紅いバリケード
北に向かってしばらく走ると、しだいに起伏が多い地形になってきた。周囲に木々も増えて、見通しが利かなくなる。あんまり良い状況じゃないな。この先には盗賊がいるという話だから、あちこち隠れられるような地形には自然と警戒してしまう。
ランドクルーザーからわずかに先行していた水棲馬姿のジュニパーが足を止め、こちらに注意を促すような顔で振り返る。
「もしかして、待ち伏せか?」
「そう。半哩くらい先に、十人前後の……たぶんエルフがいるの」
ジュニパーだけでなく、荷台のミュニオにも感じられているようだ。運転席後ろの窓越しに振り返ると、元痩せコボルト一号二号が頷いた。
「うん、エルフ、いるよ。すこしだけ、うま、まじってる」
「お前らも、そんな先のことがわかるのか」
「におい、するから」
ジュニパーやミュニオは音やら気配を読んでいるようだけど、コボルトたちは嗅覚で察しているらしい。
当然ながら八百メートルとか離れた場所のことなんて、あたしにはサッパリわからん。
「ぼくら、しらべてくる?」
迷っているあたしに、コボルトたちが提案してくれた。
「いや、大丈夫。そのまま、仲間を守ってくれるだけでいい」
ミュニオを見ると、周囲を見渡しながら気配を探っている。こちらの視線に気付くと、彼女は少しだけ笑みを浮かべた。
「待ち伏せしてる以外に、敵はいないの」
「わかった。ジュニパー、いっぺん下がって」
人型でもケルピー形態でも頼りになるジュニパーだけど、さすがにチビッ子たちを乗せたまま戦闘に関わって欲しくない。ランクルの後ろに回って、人型に戻る。お姫様抱っこでまとめて抱えられた仔コボルトたちが荷台に乗せられる。
「ちょっと狭いけど、少しだけ我慢してねー」
「「「はーい」」」
「みんなに少しだけ降りててもらって、あたしたち三人で敵を潰してくるのはどうだろ?」
「向こうには馬がいるよ。騎馬のエルフに回り込まれたら面倒かも」
「わたしも、ジュニパーに賛成なの。みんな一緒の方が守りやすいの」
たしかに、そうかもな。

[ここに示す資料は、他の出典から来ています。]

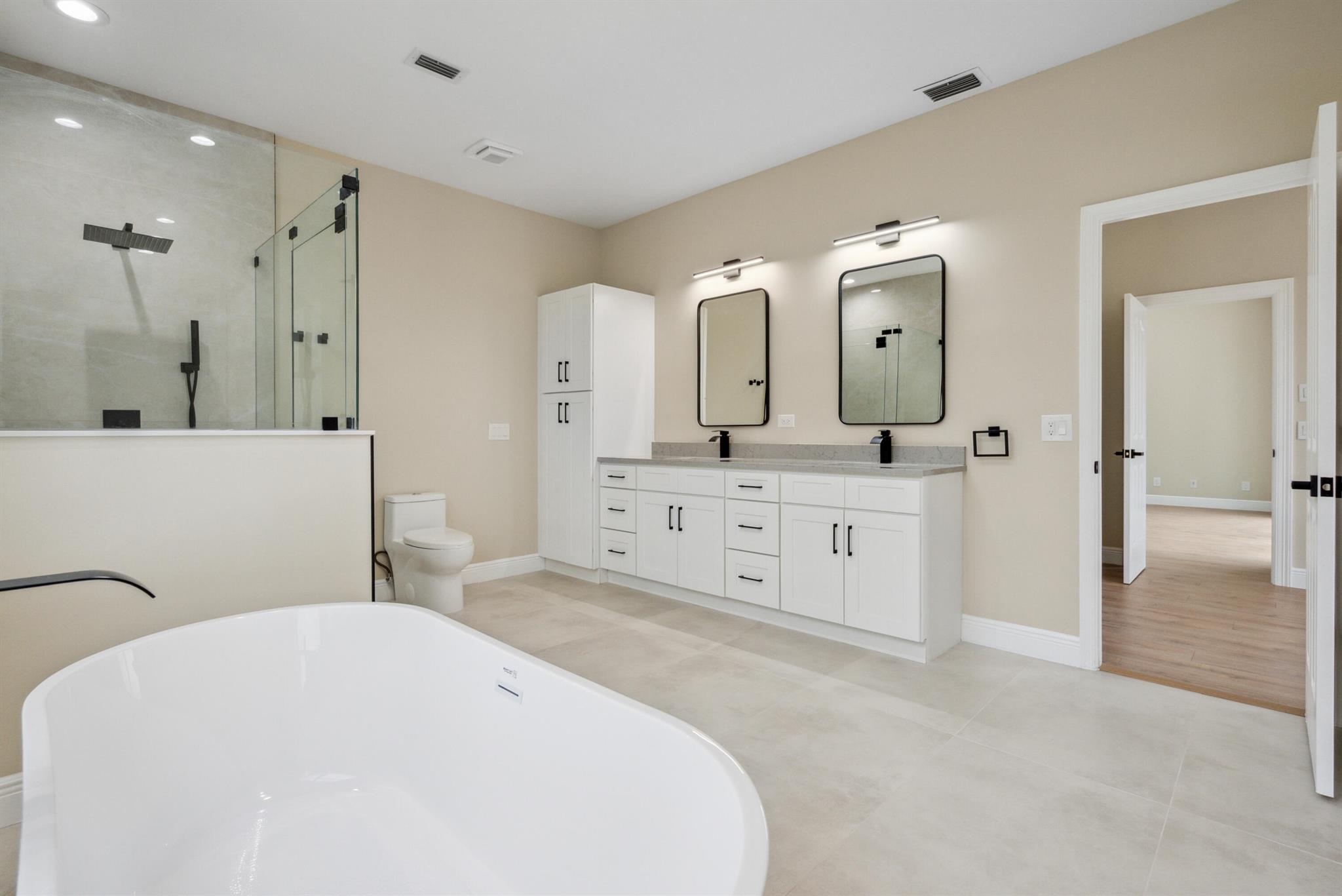Step into the South Florida sunshine with the best deal in PGA Village! Enjoy this BRAND NEW, waterfront, and move in ready 3BR/2.5BA with oversize garage home in the prestigious PGA Village. Every detail has been thoughtfully updated! BRAND NEW ROOF, BRAND NEW IMPACT windows and sliding doors, designer kitchen, custom bathrooms, new flooring, lighting, and premium Samsung appliances! No expense spared and not a single detail overlooked, this home is truly turnkey. Enjoy stunning golf course and lake views from your large master suite, as well as a private backyard spa, and an oversized two car garage with additional parking. This is a rare opportunity in South Florida for luxury living in Port Saint Lucie's most desirable neighborhood!
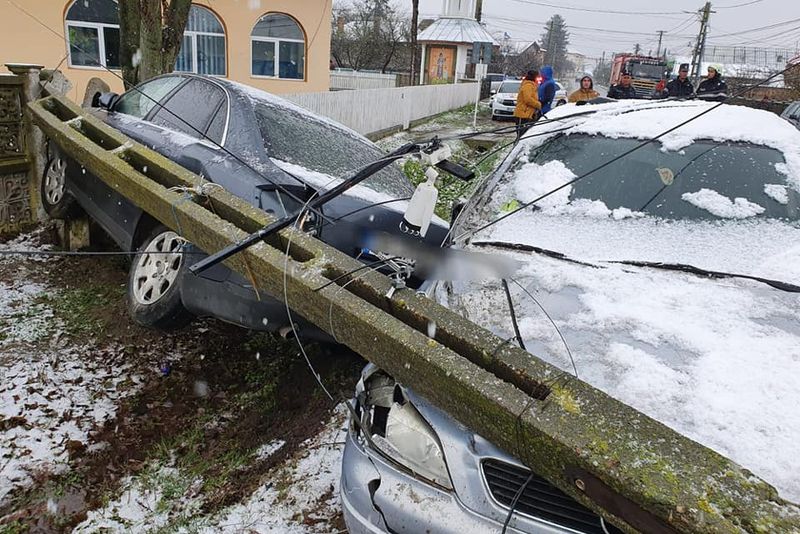 După ce au ricoșat în afara părții carosabile una dintre mașini a retezat stâlpul de electricitate, acesta căzând peste mașină. A fost o adevărată minune că ocupanții autoturismului nu au fost striviți de stâlpul de beton.

相手がエルフとなれば、弓やら攻撃魔法やらで長射程の攻撃が飛んでくる可能性もあるし。だったら、先手必勝だ。
「なあ、そいつらが敵対していることは確実?」
「うん。殺意と、興奮と、血の匂いがする。たぶん、もう誰か殺してるよ」
ジュニパーがいうと、コボルトの何人かが同意するように頷いた。
「ジュニパー、運転を頼めるかな」
「任せて」
彼女はランクルに乗り込む前に、胸の谷間の謎収納から大型リボルバーを出した。装弾を確認すると、また胸元に戻す。いざというときは、運転席からも援護してくれるようだ。
あたしは懐収納から自動式散弾銃を出して、初弾を薬室に送り込む。装填しているのは鹿撃ち用大粒散弾。追加装填して九発。
荷台の最前列に陣取ると、屋根を叩いて運転席に合図を送る。
「いいぞジュニパー。できれば、ある程度の距離を取って停止してくれるかな。見通しが効かない場所なら、視界に入りしだい倒す」
「わかった」
「攻撃は各自に任せる。散開しているようなら、ミュニオが右側の敵。あたしは左側だ」
「わかったの」
ジュニパーが車をゆっくり前進させる。半哩となると、問題は敵味方の射程が重なるのがどこになるかだ。長弓装備のエルフが相手だとしたら、銃でも油断はできない。
小さな林を抜けて、わずかに視界が開ける。百メートルほど先に、少しだけ高台になった場所があった。そこで妙なものが揺れているのを見て、あたしは思わず呻き声を漏らす。
「……おい、待て。あれ……」
雑に組まれた木の柵が道を塞ぐように渡され、道端に紅い布切れが旗竿で掲げられていた。
柵の左右には、不自然な倒木。そこに盗賊たちが隠れているのだろう。道の脇に立っていた長身の男が、細剣を振ってこちらに向ける。